Figure 3
Molpadia musculus Risso, 1826: 293; H.L. Clark, 1907: 165, Pl. 11; Pawson, 1977: 100, text-figs: 1, 2, 3, 4a–c, e, Map 1 (synonymy).
Material examined. SAM-A 28044, ‘Nansen 404 ’, Trawl TO 16, west coast of South Africa (33 ° 53.7 ’S, 17 ° 26.9 ’E), 407 m, 10.iv. 2007, Louise Lange, 1 spec.
Description. Specimen large, well preserved, barrel-shaped with short tail. Length along ventral surface 80 mm, width of mid-body 15 mm, tail length 2 mm. Colour uniformly violet except at extreme anterior end and the tail which are white to greyish-white. Body wall rough to the touch. Phosphatic deposits abundant (Figure 3 B). Calcareous deposits of body wall delicate, localised mostly in tail and at extreme anterior end, and include fusiform and tri-forked rods, up to 600 µm, with 1 – 4 (usually 3) small central holes and easily fragmented racquet-shaped bodies (Figure 3 A); anchors may be present but only a single broken one detected in the body wall sampled, may be of foreign origin.
Distribution. Essentially cosmopolitan but not yet known from above the Arctic Circle, 35–5205 m. (Pawson 1977)

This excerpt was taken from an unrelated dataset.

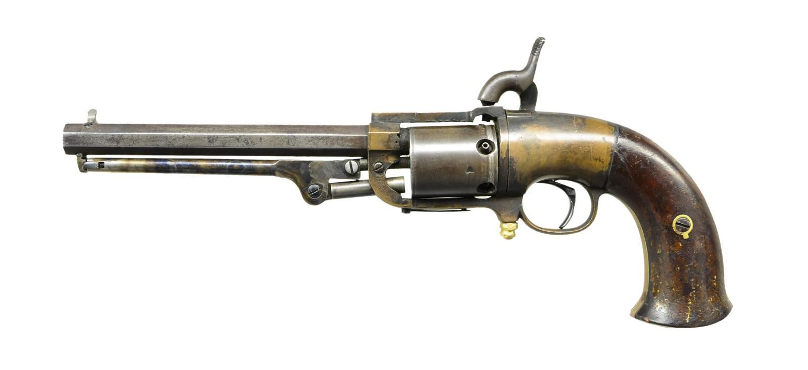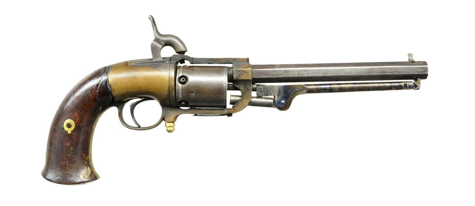 PHILADELPHIA. Cal. 41. S# 193. Bbl. 6 7/8”. This rarely seen revolver was manufactured by Jesse Butterfield of Philadelphia, Pennsylvania and is commonly called the Army model revolver. Only about 640 of these revolvers were produced from 1861 to 1862. The top of the frame is marked “BUTTERFIELD’S PATENT DEC 11. 1855 PHILADA”. This gun was originally made under a government contract for 2,280 pieces. After production of approx. 640 examples, the contract was abruptly canceled. The serial number is stamped on the barrel, butt & at the base of both grips. CONDITION: the revolver has a pleasing, though well-worn, finish. The brass has a fine mellow patina. Grips show expected wear. The loading lever, front sight & small brass nut near the trigger are replacements. The action does function, but needs adjustment. Fair bore. (01-23150/BF). $2,000-3,000.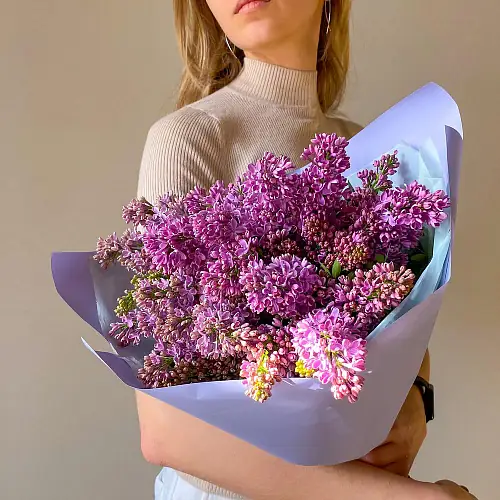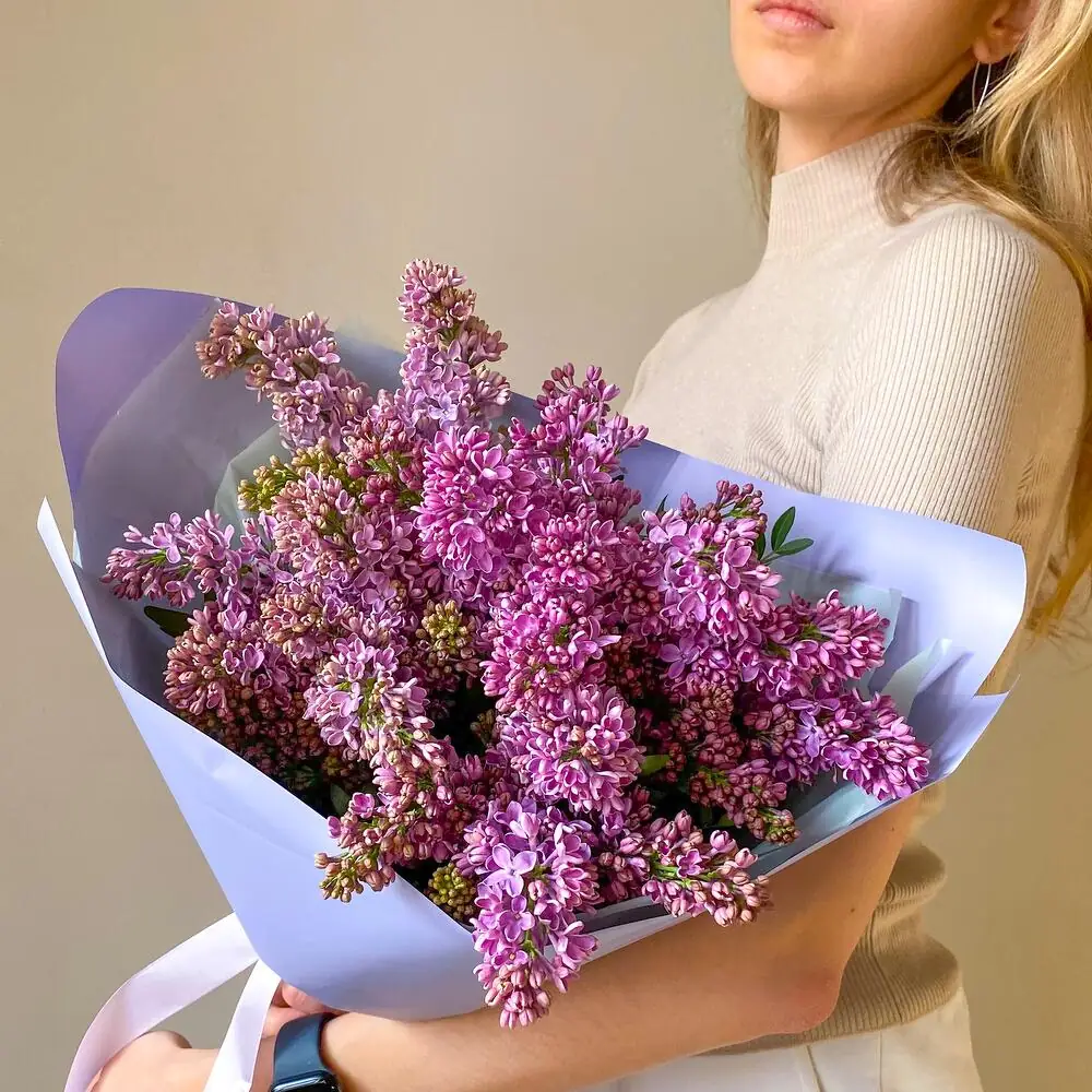 Композиция 7 веток сирени в дизайнерской упаковке — купить по цене от 4800 руб. с доставкой в Нижнем Новгороде

Remarks. Pawson (1977) revised the molpadiid sea cucumbers of the Southern, Atlantic, Pacific and Indian Oceans, describing four new species and presenting a key to the nine species he recognized as valid. Since then, a few more species have been added. After having examined 170 specimens, Pawson showed that Molpadia musculus is a very varied species with its calcareous deposits changing drastically with age. His synonymy of M. musculus hence appears rather drastic but despite this he comments that it is incomplete “for the limits of variation of the species are far from clearly defined.” (Pawson 1977: 100). Based on this, the single southern African specimen, briefly described above, appears referable to this species. It is characterized by the presence of fusiform rods in the body wall, best developed in the tail and much smaller racquet-shaped bodies. Pawson states that anchors, rosettes of racquet-shaped plates and tables with three or more perforations and a solid spire are usually absent in specimens over 30 mm, “having being transformed into very numerous light to dark red phosphatic deposits.”(Pawson 1977: 100). Hence the propensity of phophatic bodies and the scarcity of racquet-shaped bodies and spired tables. This is the second record of this species from southern Africa, the first is that of Cherbonnier (1965) from a single 41 mm specimen collected at 480 m from Cabinda (Angola). The South African material differs from Cherbonnier’s specimen by the rarity of racquet-shaped deposits and spired tables, perhaps due to its size and/or age.